Although Sulaimaniya province is considered to be liberal and progressive, women here suffer circumcision, rising domestic abuse and discrimination.

In 2009 there were 1,079 violent incidents reported, as compared with 715 in 2008. But most incidents go unreported. In 2009, 245 women and girls committed suicide by self-immolation; the figure for 2008 was 119. Some of these incidents were, however, bride burnings by in-laws disappointed over dowry payments. During this period there was a drop in honour killings from 20 to 17.

These figures explain why the ruling alliance and the opposition Change movement put combating violence against women at the top of their agenda.

In an interview on election day, Pakhan Zandana, sole candidate of the Communist Party of Kurdistan in Sulaimaniya, also spoke of the urgent need for change. Her party contested the election in alliance with the ruling Patriotic Union of Kurdistan (PUK) and Kurdish Democratic Party (KDP).

Zandana, who held a seat in the Kurdish regional parliament until last year, joined the Communist Party in 1963 when she was 15. She became a peshmerga fighter in the mountains during the Kurdish revolt against the ousted Iraqi regime, went underground in the early 1990s, and spent several years in exile in Germany. “I returned only when Saddam was dead,” she said.

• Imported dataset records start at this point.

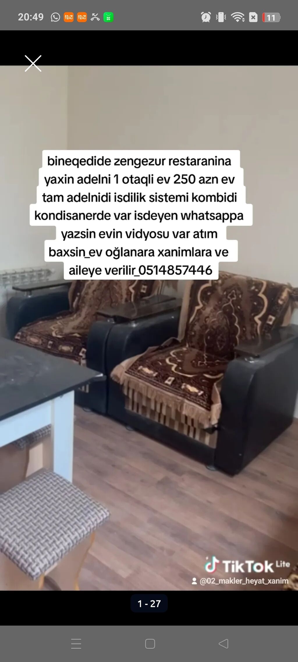 Bineqedide zengezur restaranina yaxin adelni 1 otaqli ev 250 azn mûşderi ferqi yoxdu evin vidyosu var isdeyen yazsin atım baxsin _0514857445
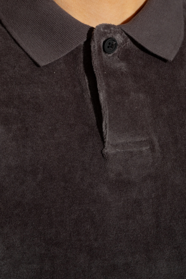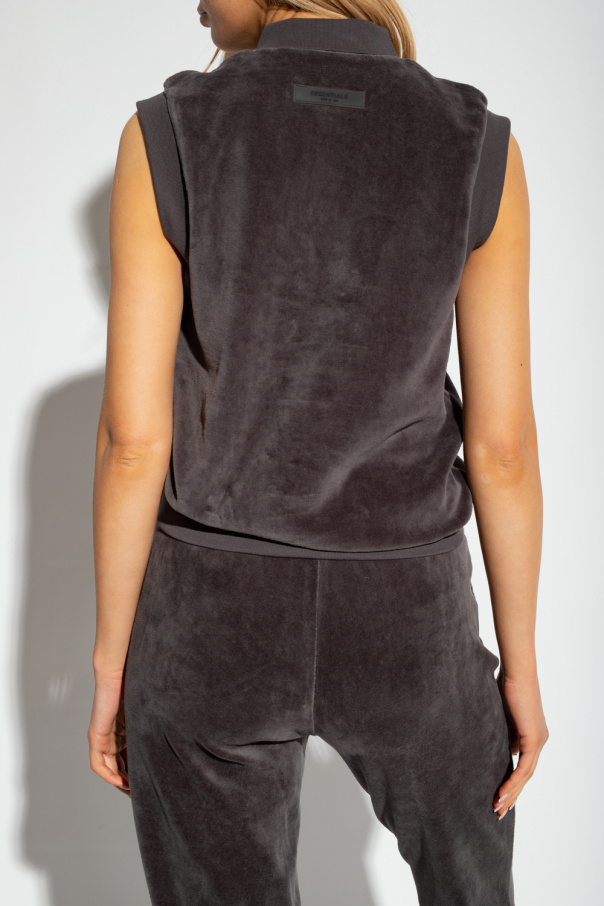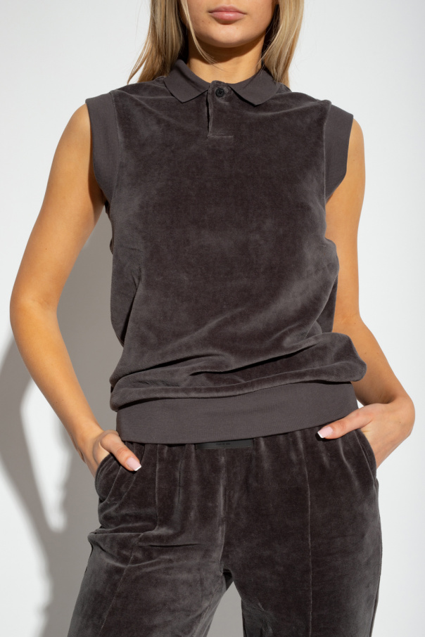 Dark grey sleeveless polo shirt from FEAR OF GOD ESSENTIALS. Rendered in velour, this style features a collar with a button placket and a rubber logo patch at the back.
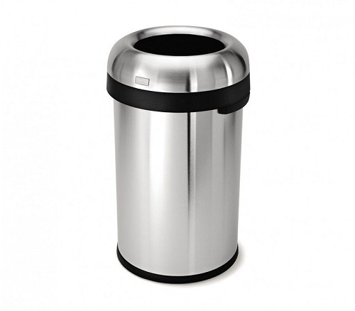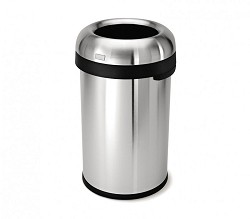 Afvalbak Open Top 80ltr Simplehuman Ronde mat RVS afvalbak met open inworpopening aan de bovenzijde. Grote capaciteit. Voorzien van losse top voor het eenvoudig wisselen van de afvalzak. Kleur : mat RVS Formaat : Ø 451 H 761mm
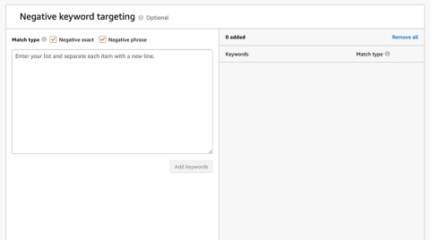 通过添加否定关键字,可以防止您的赞助商品牌广告与不相关的搜索查询一起显示。
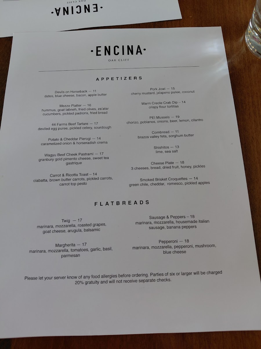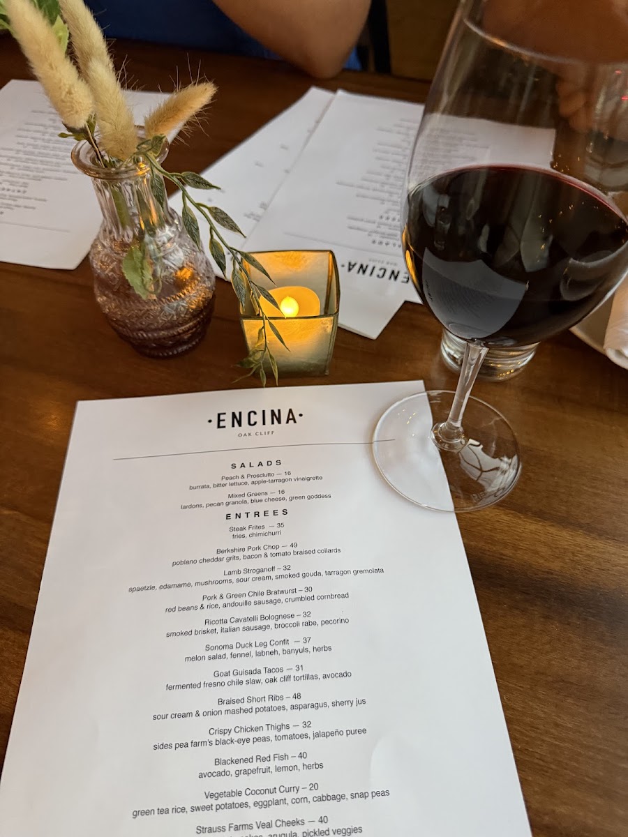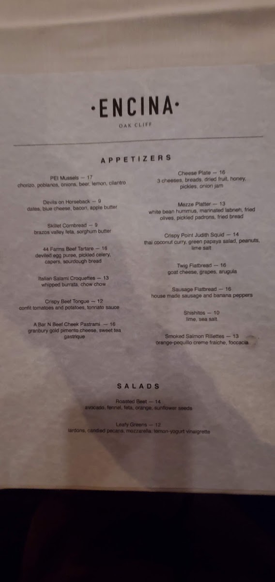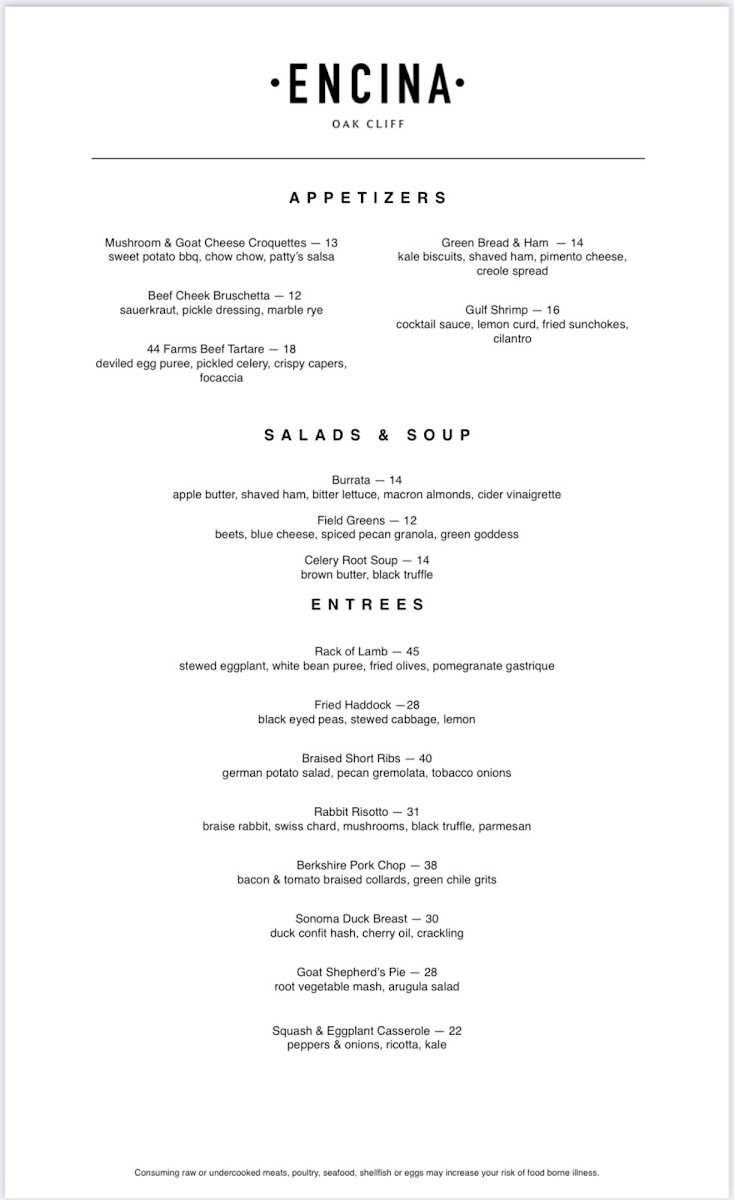 From a reviewer’s perspective, the menu at Encina, located at 614 W Davis St, Dallas, TX 75208, presents a thoughtful and well-curated reflection of modern American dining with a strong seasonal and regional influence. The dinner appetizers set the tone with refined yet comforting choices such as A Bar N Beef Cheek Pastrami, Devils on Horseback, 44 Farms Steak Tartare, Cheese Plate, and Skillet Cornbread, all of which highlight quality sourcing and balanced flavors. Salads like Comeback Creek Tomato and Roasted Beet provide lighter, fresh contrasts before moving into satisfying entrées including Berkshire Pork Chop, 44 Farms NY Strip, Beer Battered Catfish, Roasted Rainbow Trout, and Windy Meadows Chicken Thighs, showcasing a range from hearty meats to delicately prepared seafood. Desserts such as PSL Panna Cotta and Bread Pudding offer a comforting and elegant close to the meal.

“Women’s problems are caused by traditional culture and religion. The situation is getting worse because of the rise of the Islamic parties. In the 1950s women in Halabja [a town on the Iranian border] wore skirts and short sleeves – now they dress traditional.”

Muslim fundamentalists gained influence after the Kurdish rising of 1991. “They got money from Qatar, Turkey, Saudi Arabia and Iran and gave it to people who adopted conservative customs and attended mosques. Girls were made to put on headscarves. Acid was thrown on women who wore skirts.”

If she wins a seat in the national parliament, Zandana will press for harsh punishments for men who commit violence against women.